I was tired all the time then.
My younger son likes candy. Before I come back to home, he eats a lot of candy.
It is not good.
But, I think when he stays at home, he needs sweets and TV.
Kids love candy! Carrots and apples are just too healthy to be attractive.
When my daughter was 10 or 11, she told us that she would not watch TV for the whole summer if we would buy her something she really wanted that would cost about $100. She did not watch any TV for 3 months. And guess what she wanted: a TV for her own room. LOL Of course we bought it for her!
Hi, Tess,
My name is Jeff and i am a graphic designer in Houston, Texas USA. I was looking for recipe of beef tongue stew, and after some time of browsing different sites, I stumbled over your kitchen site. When I saw the picture you have, your gyutan stew recipe looks so delicious, so I went ahead and tried to make it. It was quite a laborious process for an amateur cook like me, but I just finished the cooking (took me 2 days for the whole preparation) about 1 hour ago and I tried it… it is so delicious! I never ate this kind of tongue stew before, which as you described, a long-known recipe passed from your mother. I feel so delighted by the newly found dish I would otherwise never knew were it not for the internet. Such a great way to bridge geographical difference!
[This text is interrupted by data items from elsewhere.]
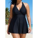 Black V Neck Mesh Fashion Plus Size One Piece Swimdress
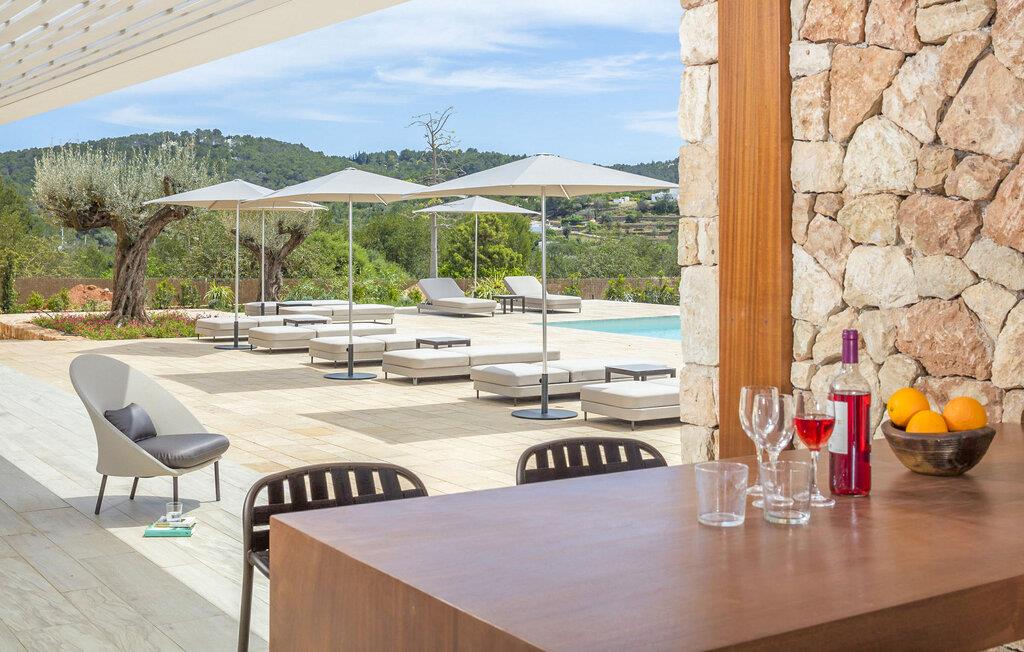 Spektakulær 480 m2 ejendom, der følger den moderne Ibiza-arkitektoniske stil, der kombinerer sten og hvide vægge med luksuriøse kvaliteter og komfort på ét niveau. Det er beliggende i et roligt landområde på en 20.000 m2 stor grund. Villaen har en stor stue-spisestue med TV og udsigt over poolen. Fuldt udstyret køkken med dobbelt køleskab, fryser, opvaskemaskine, ovn, Nespresso kaffemaskine. Toilet på gangen. I alt 7 suiter, 6 af soveværelserne er i hovedhuset, og en af dem er i et separat anneks nær indgangen. Alle har tv, aircondition, pengeskab og eget badeværelse med bruser. Alle senge kan skubbes sammen eller adskilles. Stor infinity-pool med liggestole og parasoller. Sofaområde, udendørs spiseplads og kulgrill. Vaskerum med vaskemaskine og tørretumbler. WiFi (ikke højhastighed), parkering til mindst 5 køretøjer. Rengøring inkluderet i prisen: 4 timer om dagen fra mandag til lørdag og 1 skift af håndklæder i løbet af ugen og slutrengøring.
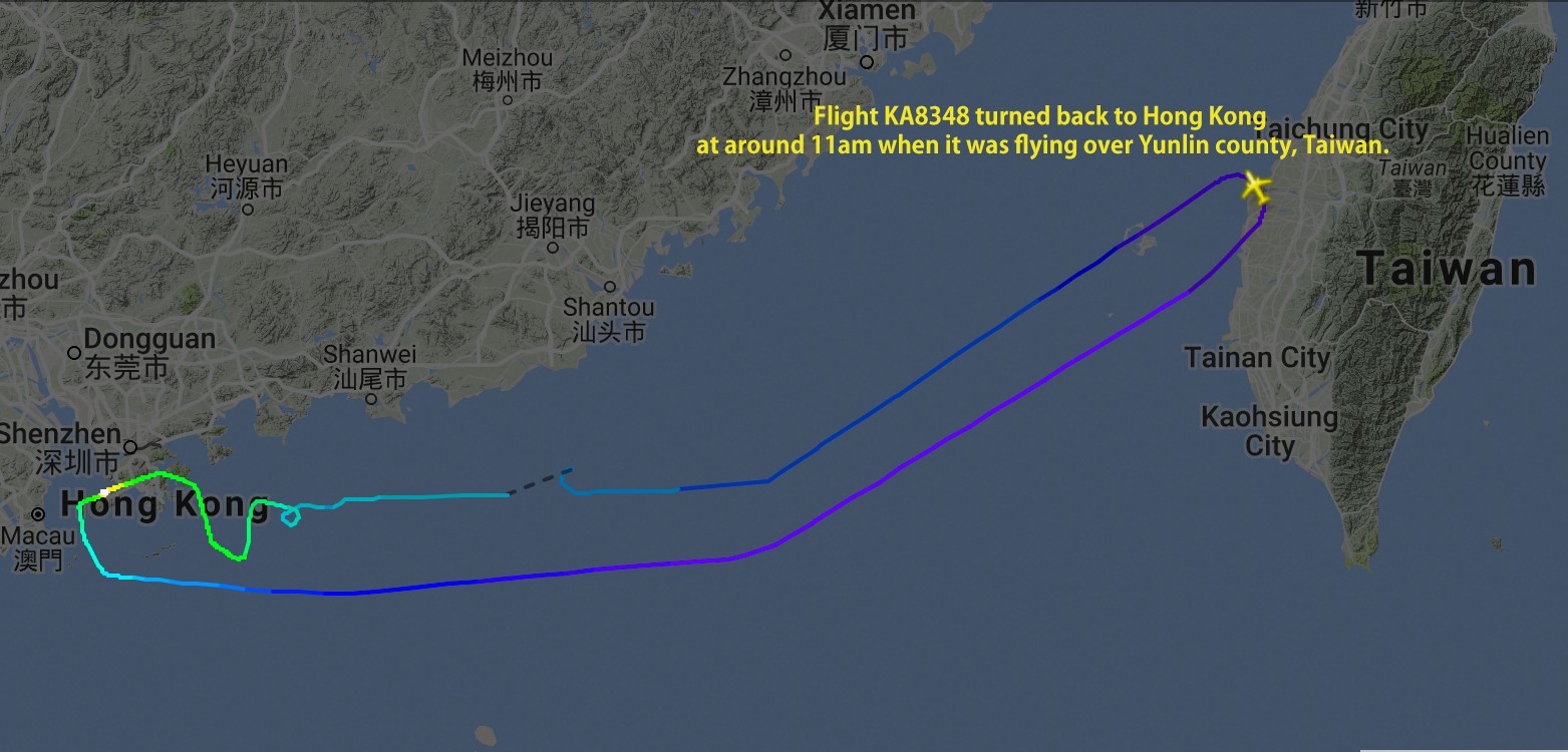 According to the Aviation Herald, the aircraft burned off fuel and landed safely back in Hong Kong at around 12:45pm, about two hours and 45 minutes after departure. Upon arriving in Hong Kong, the plane spent 90 minutes on the ground being refueled before taking off again (maps in tow) with a new crew.
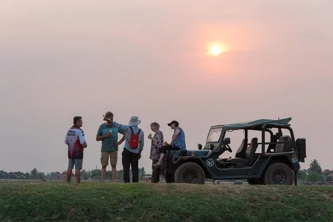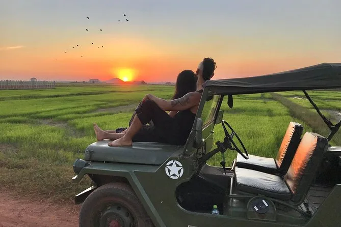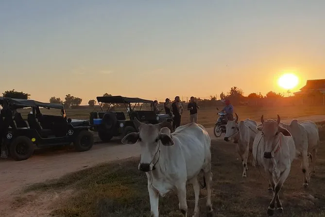 Dein Tag startet mit der Abholung vom Hotel in Siem Reap, danach geht es mit offenem Jeep und einem englischsprachigen lokalen Guide über Landstraßen. Du bekommst Wasser zum Frischhalten, Snacks für zwischendurch und zum Sonnenuntergang alkoholische Getränke, bevor es am frühen Abend zurück in die Stadt geht.
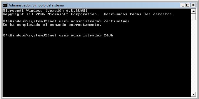 Si tu Winodows Vista esta en español escribimos lo siguiente:
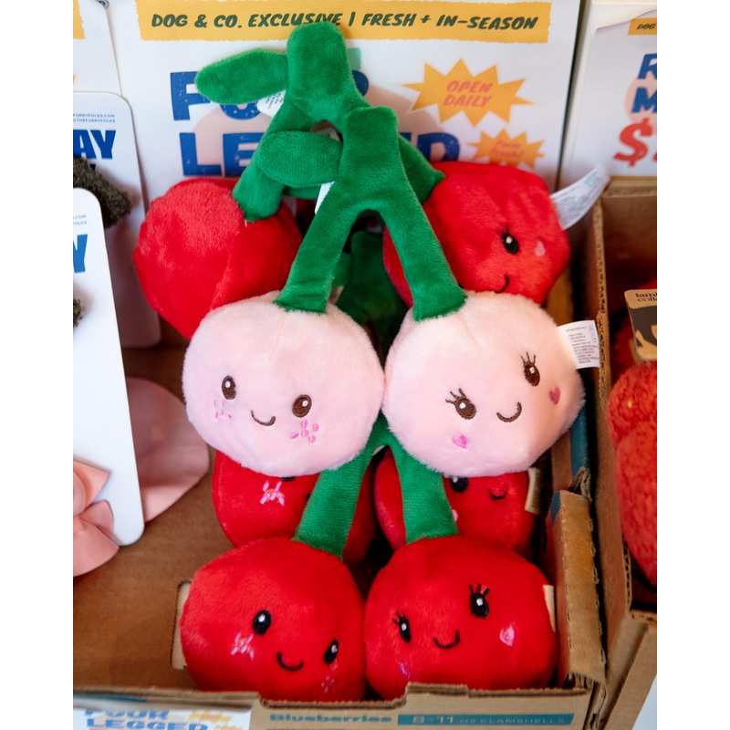 A cherry-sweet duo for playtime fun. This 2-pack features plush cherries with crinkly textures and squeakers inside to keep pups engaged. Perfect for tossing, cuddling, and adding a pop of fruity fun to every play session.Sizing: 3" (each cherry)
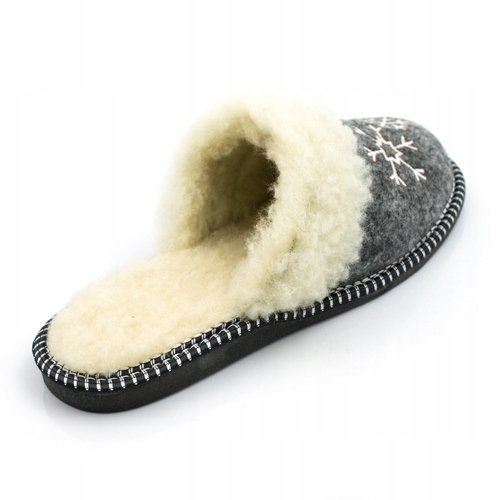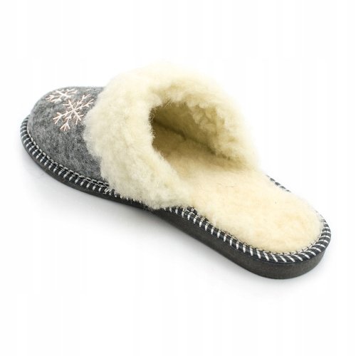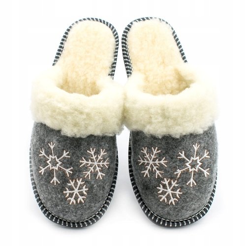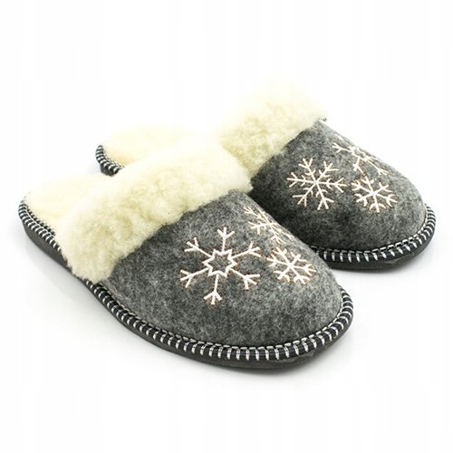 Damskie, filcowe kapcie z ciepłą wełnianą wkładkąSzary Kapcie damskie - parametry:Wysokość obcasa: 21 mmWysokość pod palcami: 5 mmWzory: gwiazdki śniegoweKolor: szaryDodatkowe: ...
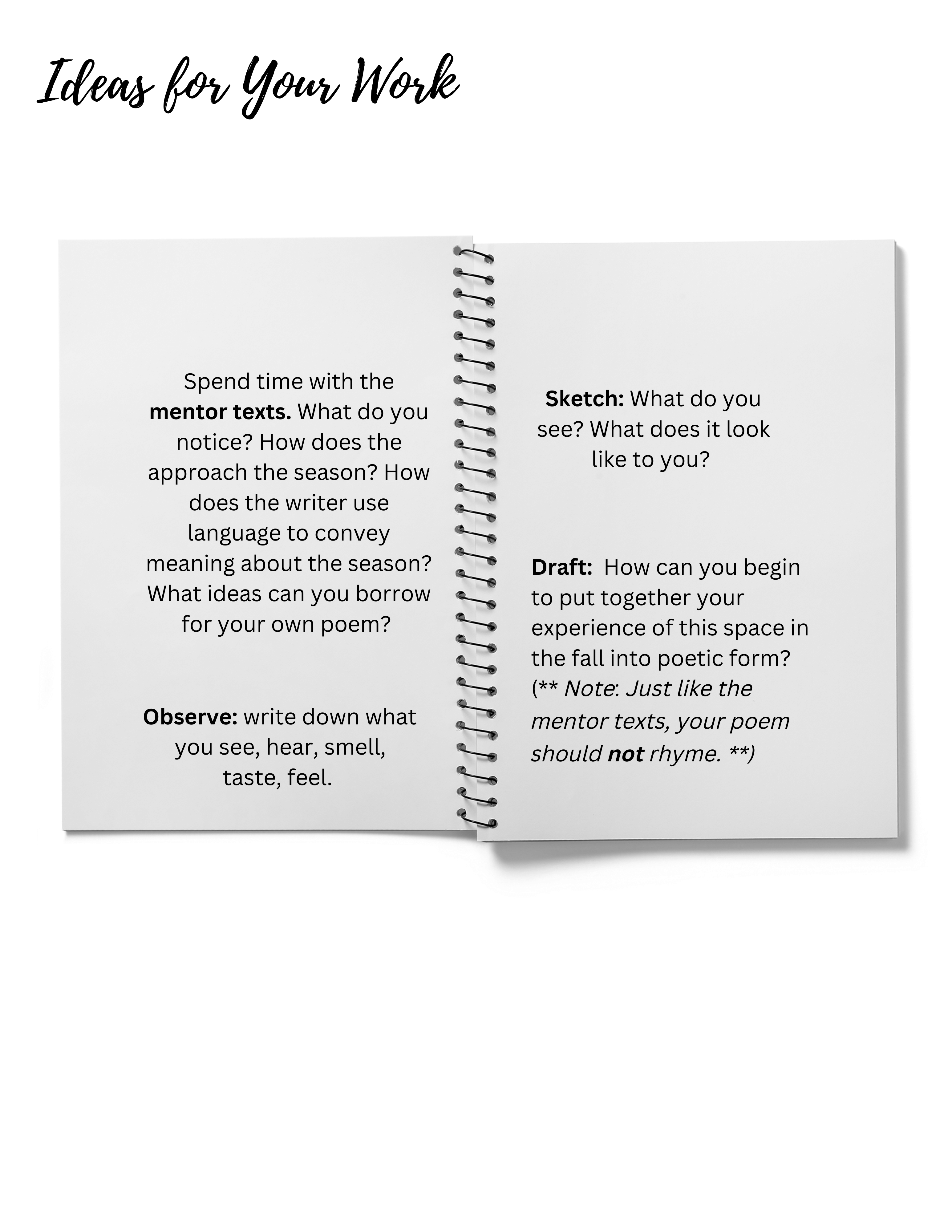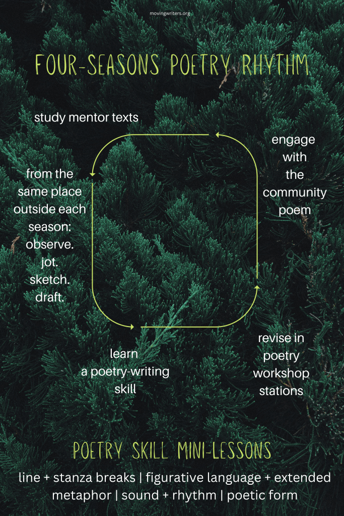 This slow mini-unit takes about 3 days per season (so, 12 days total by the end of the year). We choose a spot on campus and return to that spot one day each season to observe, sketch, jot, and, ultimately draft a poem. We read some mentor texts about places written in that particular season. Then, we do a quick one-day poetry workshop: one foundational mini-lesson and then station work to make our poem drafts a little bit better. Here’s our rhythm each season:
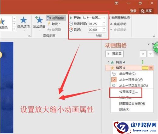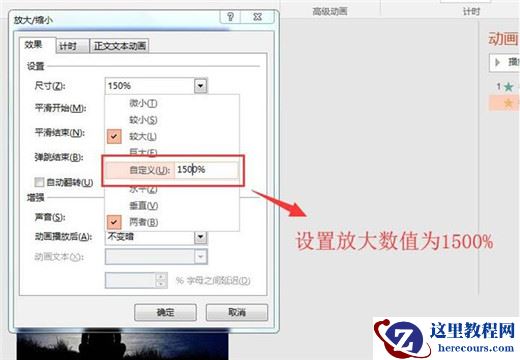 5、在动画窗格中选中添加的“放大/缩小”动画,设置开始为“与上一动画同时”,持续时间为1.25秒,然后右键鼠标选择“效果选项”,在弹出的效果设置窗口中设置尺寸为自定义1500%。
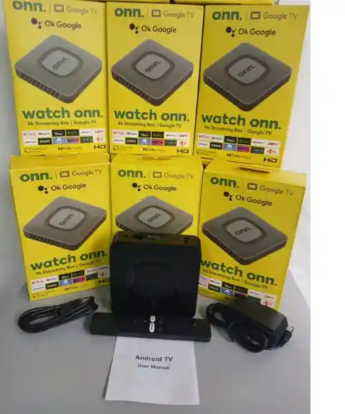 El producto en la imagen es un dispositivo de transmisión (streaming box) onn. 4K UHD con Google TV. Este dispositivo permite convertir un televisor en un centro de entretenimiento inteligente con acceso a diversas plataformas de streaming.
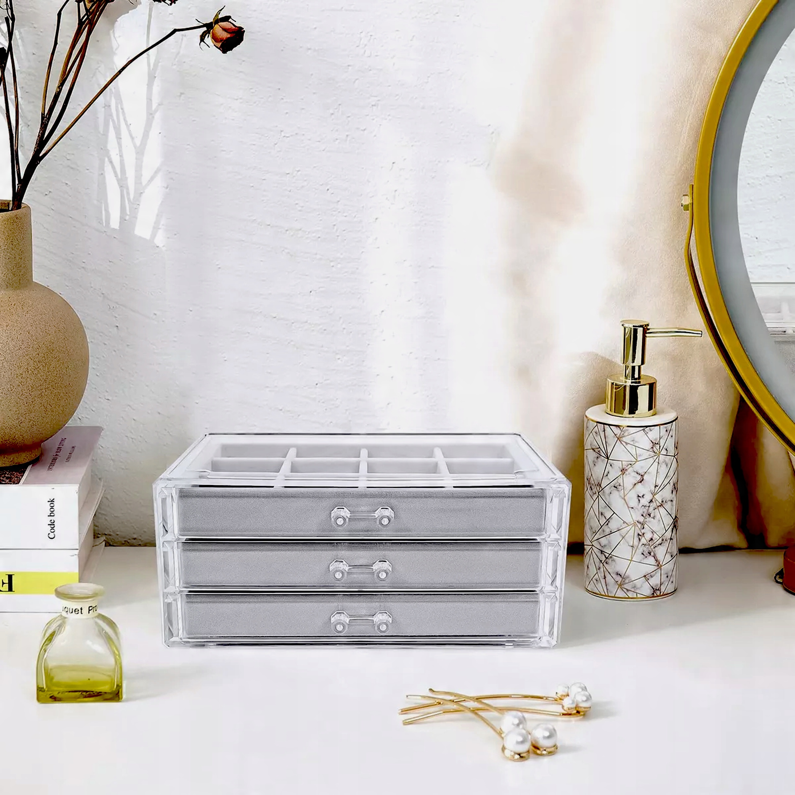 ⭐ 3 місткі висувні ящики з ручками забезпечують легкий доступ до прикрас.
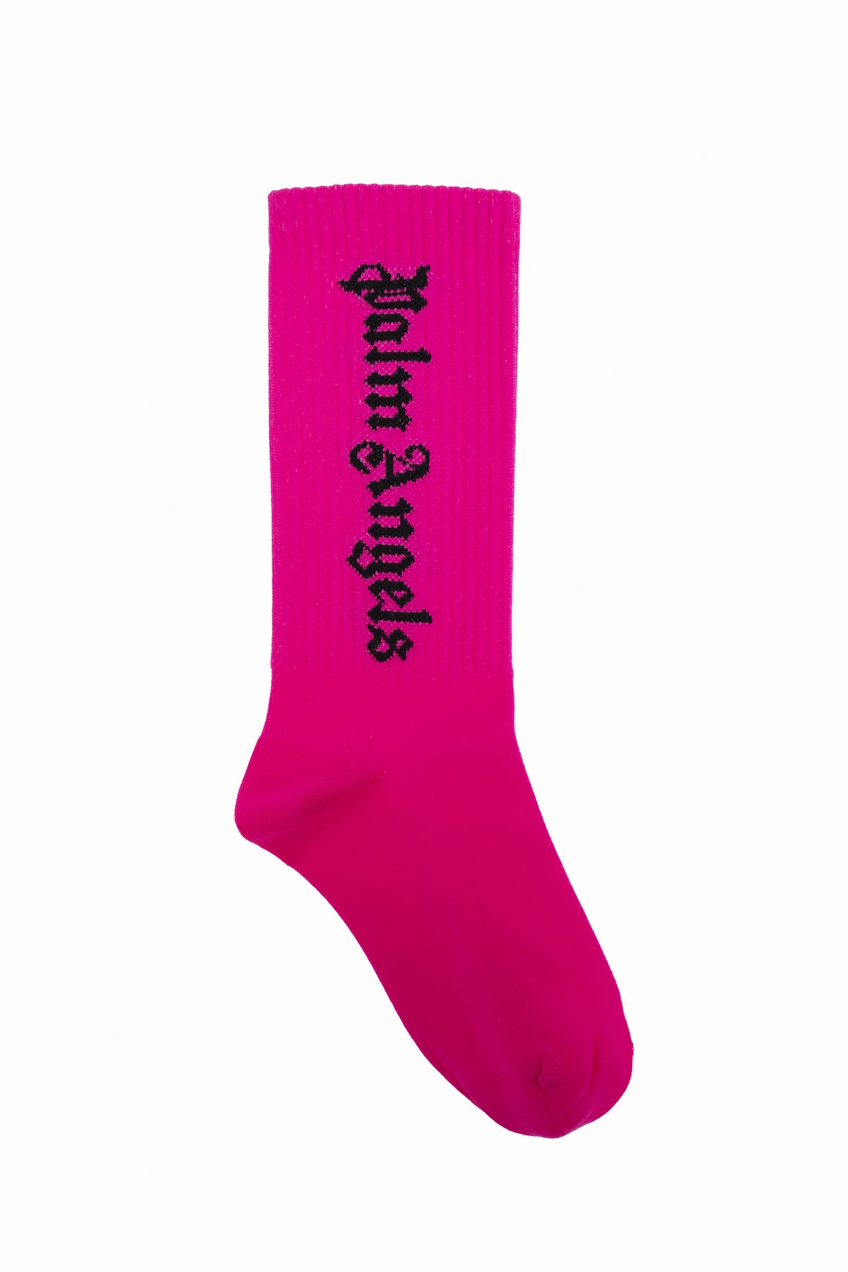 Introducing the Pink Logo Socks by Palm Angels Kids, a sublime fusion of Italian charisma and Los Angeles multicultural flair, meticulously crafted for the discerning young trendsetter. These socks, in a striking pink hue, feature the iconic black \"Palm Angels\" logo emblazoned vertically along the side, enhancing their exclusivity. Constructed from premium-quality poliamide, these socks offer exceptional elasticity, ensuring a snug fit that contours gracefully to the foot. The classic, slightly extended design extends just above the ankle, providing both style and comfort. The simplicity of the pattern accentuates the brand\'s emblem, making these socks an epitome of understated elegance. Why Choose This Product? Distinctive Design: Vibrant pink color with a bold logo statement. Superior Comfort: Elastic material for a perfect fit. Timeless Style: Classic length that complements any outfit. Exclusive Branding: Prominent logo reflects luxury and sophistication.

Thanks for sharing your fantastic recipe,
Jeff Djaya
Hi Jeff!
Thank you! I love to hear that you enjoyed the recipe.
Tongue is an amazing part of a cow and it should really be more popular—lots of ways to cook and eat it!
And yes, preparing a tongue is a bit intimidating. But well worth it. And not so scary after you have done it a couple of times.
I must correct you! I am not Japanese, but a regular Midwest American trying to study Japanese cooking, especially from Hiroko Shimbo’s book: Japanese Cooking.
I made this recipe, then noticed that soon after I made this, Ms. Shimbo posted about her family’s (well, her mother’s) recipe. Link here: http://www.hirokoskitchen.com/blog/2009/03/my-mother/#more-293
I asked her for details and she had her mother and sister prepare the tongue stew:
http://www.hirokoskitchen.com/blog/2009/04/my-mothers-beef-tongue-stew/
It is similar to my web-research recipe, but not quite. And the personal annecdotes are so lovely. I made her recipe here:
https://1tess.wordpress.com/2010/06/27/tongue/
I agree with you that without the internet there are so many things I (you) would never have been able to learn about.
A Japanese girl who grew up in a way different from most other girls, studied cooking techniques from all over the world, and wrote some cookbooks which open the concepts of Japanese cooking to a woman in the middle of the U.S. who has a reader interested in an international/French/Japanese/recipe. And for the best part: he enjoyed it!